In 2023, Rat Labs (by then renamed as Realm Worlds) announced that they had unsuccessfully attempted to negotiate the purchase of The Realm Online from Norseman Games and that the game server they had developed would close. It then became public that Norseman Games had sold The Realm to Virtual Worlds Holding Company, who licensed the game to be developed by Digital Alchemy. Digital Alchemy published a new game server in November 2023.

== Gameplay ==
The Realm Online was designed to combine the animated visual environments and inventories of Sierra's point-and-click adventure games with the role-playing mechanisms of MUDs. The game features a high fantasy setting inspired by Dungeons & Dragons and The Lord of the Rings. Gameplay takes place in discrete rooms, which are organized into dungeons, forests and towns.

Players choose the gender, race (elf, giant, or human), and class (warrior, adventurer, wizard, or thief) during character creation. Players also customize the visual appearance of their character, including detailed facial features, hairstyle, skin color, and body size. The game has been criticized for its unforgiving character creation: a character that hasn't been created optimally can't reach maximum potential.

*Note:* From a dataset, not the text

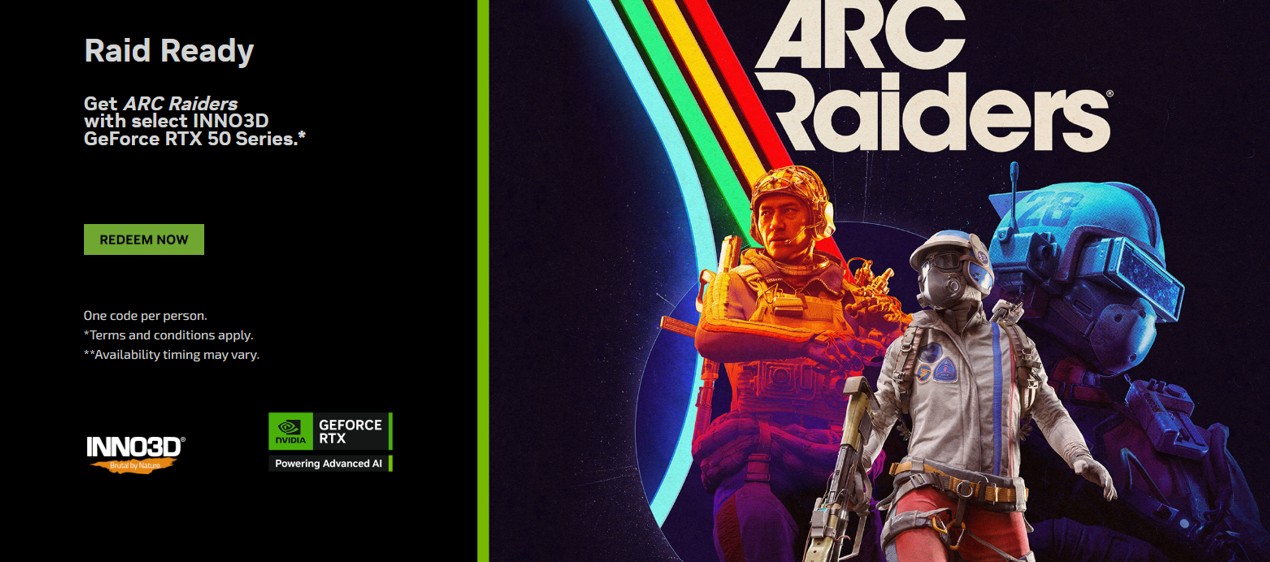 Tylko do 4 listopada 2025 roku (lub do wyczerpania zapasów) masz szansę otrzymać grę ARC Raiders Deluxe Edition całkowicie za darmo przy zakupie wybranych kart graficznych INNO3D. To ostatnie dni, by dołączyć do grona Raiderów bez dodatkowych kosztów, zbrojąc się w potężny sprzęt przygotowany na wyzwania gamingu przyszłości.

Players gain experience points and levels by fighting enemies and earn build points that are spent on magic and weapon skill levels. The Realm Online uses turn-based combat, which makes it different from other MUDs of its generation, and is convenient for players with a bad Internet connection. Sierra highlighted the game's interoperability with third-party accessibility software for disabled players. It has been credited to be the first virtual world to use instances, with every battle taking place in a special room outside of the open world.

The in-game economy is organized around the scarcity of rare items dropped by enemies. The game lacks an interface for trading and requires players to directly drag and drop items from their inventories to other players to facilitate trading, making traders vulnerable to scams. Because of this, players of The Realm self-organize to build trust and hire trusted players to perform intermediary roles within trades. Players also organize in-game auctions using chat channels.

The Realm emphasizes exploration and player interaction over scripted narrative storytelling and includes multiple channels for social interaction including private messages and chat rooms. Sierra emphasized The Realms balance of gameplay and social interaction, describing it as "vast, multinational community" in which players from different age groups, cultures, and professions could connect. Each player begins the game with their own house, which other players may visit. According to lead designer Stephen Nichols, The Realm was purposefully designed to support a range of cooperative and adversarial social interactions ranging from organizing in-game guilds to house theft and pickpocketing. The Realm was launched without any customer service tools, leading the small customer service team to develop in-game counter-measures to moderate griefers.

== Popularity ==
In the game's first year, 25,000 user accounts had been made, representing approximately 30% of the nascent MMO market otherwise dominated by Ultima Online. The Realm's 2D graphics were unfavorably compared with 3D games like EverQuest. Subscriptions dropped to 6000 accounts by 2004. In 2008, the server would still reach an online population of 100 to 200 players during peak hours and has since returned to these numbers with the release of the free to play version of the server.